The race to scale up quantum processors is increasingly limited not only by decoherence, but by how accurately large numbers of qubits can be driven and calibrated in realistic devices. At Surrey, we develop scalable optimal-control methods that reduce gate errors while remaining practical for larger processor architectures, including approaches tailored to fixed-coupling qubit arrays and imperfect device characterisation. Recent work shows how control problems on 2D qubit arrays can be decomposed into efficiently optimised commuting blocks, enabling high-fidelity universal gates with built-in robustness to parameter uncertainty. We also study robust pulse design for superconducting transmon qubits under systematic control errors, combining theory and experiment to demonstrate resilience to calibration drift and hardware imperfections. Our research in this area is balanced between applications to different architectures including experimental testing, and between developing computational and theoretical methods.

Topological superconductors and related engineered quantum circuits offer routes to encoding information in states that are intrinsically less sensitive to local noise and disorder. Our research develops theoretical models and control strategies for topological and symmetry-protected quantum hardware. Our work has explored microwave-circuit methods for measuring and controlling fermion-parity states in Majorana devices, as well as spectroscopic signatures that help distinguish topological Majorana modes from conventional Andreev bound states. In parallel, we investigate protected-state engineering in Josephson-junction chains, where Hamiltonian symmetries can enhance coherence and suppress relaxation and dephasing — an approach that is relevant for robust quantum memory and precision quantum sensing.

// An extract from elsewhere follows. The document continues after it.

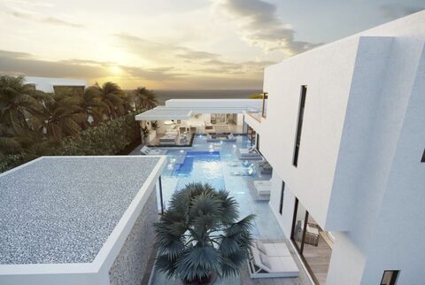 Breezy coastal meets contemporary luxury at Ocean Grove. Seamlessly integrated open plan living encourages effortless entertaining and relaxation, with ocean or water views as the idyllic backdrop. Each home floats amongst water at every intersection, from the front entrance waterfall, 2,412 sq ft saltwater pool with sunken pool lounge, and fire pit, to a 12’ internal waterfall as well a private master rooftop pool with stunning sea views.

The study of superfluid ³He has important particle-physics and cosmological implications. The normal phase of pure liquid ³He is separately invariant under spin and orbital rotations, gauge transformations, as well as discrete symmetries of space and time inversion. This rich symmetry structure has a close correspondence to the complex symmetry of the early universe.

It is believed that the early universe evolved after the Big Bang through a series of symmetry-breaking phase transitions, analogous to those in superfluid ³He. The Standard Model is an effective theory describing the low-energy phenomena that emerge from the cosmological vacuum.

In an analogous way, the effective theory describing the collective modes, quasiparticles and defects that emerge from the ground state of superfluid ³He offers a laboratory analogue of Standard-Model physics, due to the similarity of the maximal symmetry group with that of the early universe.

We propose superfluid ³He as a quantum simulator for Standard-Model physics in the laboratory. The low-pressure, low-temperature B-phase of this quantum liquid is a paradigm for time-reversal-invariant topological order. When ³He-B is confined on the mesoscopic scale (comparable to its coherence length), Andreev bound states with a Dirac-type spectrum are confined to the boundary of the superfluid. These are spin-polarised Majorana fermions created by Andreev processes at the boundary. Probing these states can shed light on hidden spinor degrees of freedom, testing the superselection rule in the Standard Model.

We have designed a device to probe this physics — a hybrid superconducting-superfluid device that could serve as an analogue of the superconducting quantum circuit. We aim to investigate the fundamental physics of qubit operation in this analogue system.